Dementsprechend gesittet geht es zu, Wein wird in richtigen Gläsern und nicht in Plastikbechern ausgeschenkt und im Souterrain empfängt der Hauptsponsor VW die geladenen Gäste in einer luxuriösen Lounge. Längst sind Kraftwerk ein Produkt geworden, das ebenso von vergangenem Ruhm lebt wie viele andere Altherrenbands, die seit Jahren keine oder keine relevante Musik mehr aufgenommen haben und von vergangenen Taten lebt. Aber was für Taten! Wenn die ersten Klänge von „Radioaktivität“ oder „Autobahn“ oder „Computerliebe“ oder oder oder durch die Nationalgalerie wummern (alles in eher gedämpfter Lautstärke von der man nicht weiß, ob sie die Architektur oder die Ohrmuscheln der Zuhörer schützen soll) brandet ekstatischer Jubel auf.

Von der Originalformation ist nur noch Mitgründer Ralf Hütter dabei, der inzwischen von Fritz Hilpert, Henning Schmitz und Falk Grieffenhagen unterstützt wird. Gemeinsam halten sie das Produkt Kraftwerk am Leben, dessen Einfluss auf die Musikgeschichte nicht hoch genug eingeschätzt werden kann: Hört man Kraftwerk, dann meint man immer auch unzählige andere Songs zu hören, die sich vom Original inspirieren ließen oder es ganz einfach kopierten. Was nicht zuletzt auch für die visuelle Gestaltung gilt, die oft ebenso eindrucksvoll und einflussreich war, wie die Musik.
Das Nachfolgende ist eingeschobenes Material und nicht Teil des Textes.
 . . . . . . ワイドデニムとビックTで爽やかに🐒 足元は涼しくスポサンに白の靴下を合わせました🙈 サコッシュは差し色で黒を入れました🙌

Dass die aktuellen Konzerte von Kraftwerk als 3D-Konzerte bezeichnet werden, bei denen man mit wackligen 3D-Brillen aus Pappe in Richtung Bühne start, nun ja. Meist sind die auf eine Leinwand hinter den Musikern projizierten 3D-Effekte ähnlich überflüssig wie das 3D in einem Großteil des aktuellen 3D-Kinos. Da schweben mal Raumschiffe, mal überdimensionale Geigen durchs All oder landet ein UFO vor der Nationalgalerie. Doch gerade bei der visuellen Begleitung zu einem Titel wie „Autobahn“ entsteht ein interessanter Kontrast aus alt und neu: Gleichermaßen betont altmodisch wirken die kaum ausgearbeiteten Landschaften, die Spuren der Autobahn, der VW-Käfer (mit dem passenden Kennzeichen „D-KR 70“) und sind doch so offensichtlich mit moderner Computertechnik produziert, wie sie weder Mitte der 80er Jahre und schon gar nicht Mitte der 70er existierte.
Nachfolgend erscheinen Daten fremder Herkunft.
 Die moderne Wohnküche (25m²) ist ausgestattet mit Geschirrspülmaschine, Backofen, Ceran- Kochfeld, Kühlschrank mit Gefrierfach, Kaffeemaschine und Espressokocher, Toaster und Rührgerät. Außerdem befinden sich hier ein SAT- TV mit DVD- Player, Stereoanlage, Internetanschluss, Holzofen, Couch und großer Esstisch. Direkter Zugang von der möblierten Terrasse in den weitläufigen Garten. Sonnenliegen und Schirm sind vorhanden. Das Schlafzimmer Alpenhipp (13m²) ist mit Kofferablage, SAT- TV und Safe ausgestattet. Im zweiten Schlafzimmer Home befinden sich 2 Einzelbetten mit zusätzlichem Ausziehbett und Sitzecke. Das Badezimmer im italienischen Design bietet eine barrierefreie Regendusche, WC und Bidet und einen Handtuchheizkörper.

So spielen Kraftwerk mit ihrer Legende, bedienen sich dem Verlangen nach Nostalgie, sind aber gerade was die Bühnenshow angeht doch immer noch der Zeit voraus. In Zeiten künstlich produzierter angeblicher „Superstars“ ist es besonders hübsch anzusehen, wenn da zur Zugabe „Wir sind die Roboter“, nur noch vier Roboterfiguren auf der Bühne stehen, die sich eckig bewegen und doch mehr Charisma ausstrahlen als so mancher echte Künstler. So konsequent das Konzert von den Roboter quasi zu Ende spielen zu lassen sind Kraftwerk dann aber doch nicht: Ganz am Ende spielt jeder der Musiker ein Solo, verbeugt sich am Bühnenrand und holt sich den ganz persönlichem Applaus ab, der auch für diese betont kalten, mechanischen Popstars das Salz der Suppe ist. Nachdem als letzter Ralf Hütter die Bühne verlassen hat, wabert der Sound noch eine Weile dahin bis endgültig die Lichter angehen und die Massen visuell und akustisch beglückt in die Berliner Nacht entschwinden. So perfekt durchgestylt, so nostalgisch dieser Abend auch war, am Ende war es vor allem eins: Ein großes Konzert.

Kraftwerk, Neue Nationalgalerie, bis 13. Januar, offiziell ausverkauft, aber Kurzentschlossene könnten versuchen an der Abendkasse einige der Restkarten zu ergattern.